The Curtiss Eagle (retroactively designated the Model 19 by Curtiss some years later) was an airliner produced in small numbers in the United States shortly after World War I. The aircraft was a conventional biplane with three-bay, unstaggered wings of equal span. The fuselage was a very advanced design for its day, incorporating careful streamlining of its monocoque structure, and offering the crew as well as the passengers a fully enclosed cabin. The Eagle is sometimes named as the first American tri-motor aircraft; however Curtiss' own Model H flying boat flew with three engines for a time in 1914 before being converted back to twin-engine configuration.

==Development==
Curtiss had developed the Eagle in preparation for an anticipated post-war boom in civil aviation. In fact, this boom was far smaller than Curtiss had been hoping for, and practically all of the demand for passenger aircraft was met by the conversion of war-surplus military aircraft that could be purchased extremely cheaply. As such, only around 20 machines were built. The original trimotor Eagle design was followed by a single example of the Eagle II, with twin engines, and by three Eagle IIIs with only one engine. These latter aircraft were purchased by the United States Army Air Service, which used them as staff transports and converted one example into an air ambulance.

==Operational history==
A U.S. Army Air Service Curtiss Eagle air ambulance serial 64243, of the 1st Provisional Air Brigade, crashed during a thunderstorm while attempting to land at Morgantown, Maryland while returning to Bolling Field, District of Columbia, from Langley Field, Virginia on 28 May 1921 in one of the worst major flying accidents in the US at that time.

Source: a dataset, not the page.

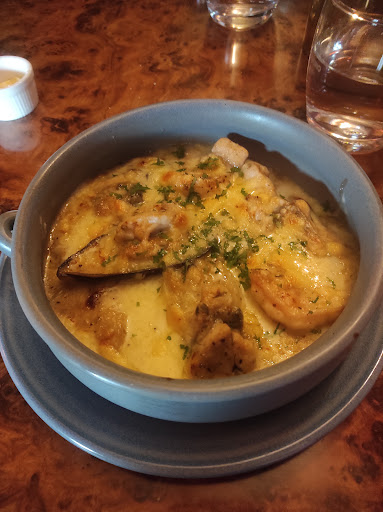 My friend's main wagyu sirloin is cooked to perfection, slightly under seasoned but the tenderness is spot on. The only small complain in the sauce that it's served with. The reduction is a little bit on the light side for the meat. The sauce is however very good for the mash potato, silky smooth mash. The side carrots is a plus point, could feel the time and effort for scraping and softening the carrot then cooking it in sweeten butter. The Fruits de mer en Gratin is excellent, the seafood within this bowl of treasure is very fresh. Only very slight funky taste from the clams but other seafoods is very fresh. There is clams, scallops, prawns and fish. All this is smother with a umami and slight hint of lemon type of gratin. The flavour is very oceanic, like a sea breeze, would highly recommend.
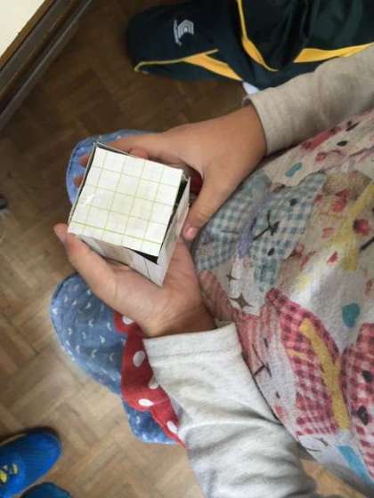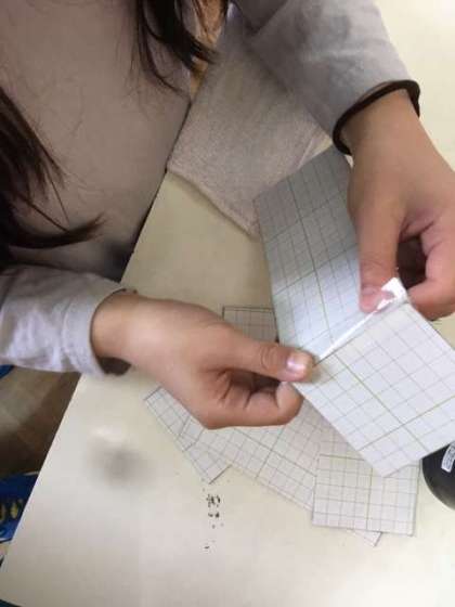 ハサミを上手に使って、方眼画用紙を切り、セロハンテープを使って貼って作成しました。

The pilot and six passengers died. Two United States congressmen had chosen not to make the flight because of airsickness on the flight from Washington to Langley. The Army's Inspector General conducted an investigation of the crash and theorized that the aircraft stalled when it encountered an updraft at low altitude while trying to clear trees near the unfamiliar field and fell nose first, into the ground.

==Variants==
- Curtiss Eagle
Three-engined passenger airliner, accommodating two pilots and eight passengers, powered by three 150-hp (112-kW) Curtiss K-6 piston engines.
- Eagle II
Twin-engined version, powered by two 400-hp (298-kW) Curtiss C-12 engines; one built.
- Eagle III
Single-engined version, powered by a 400-hp (298-kW) Liberty L-12 engine; three built.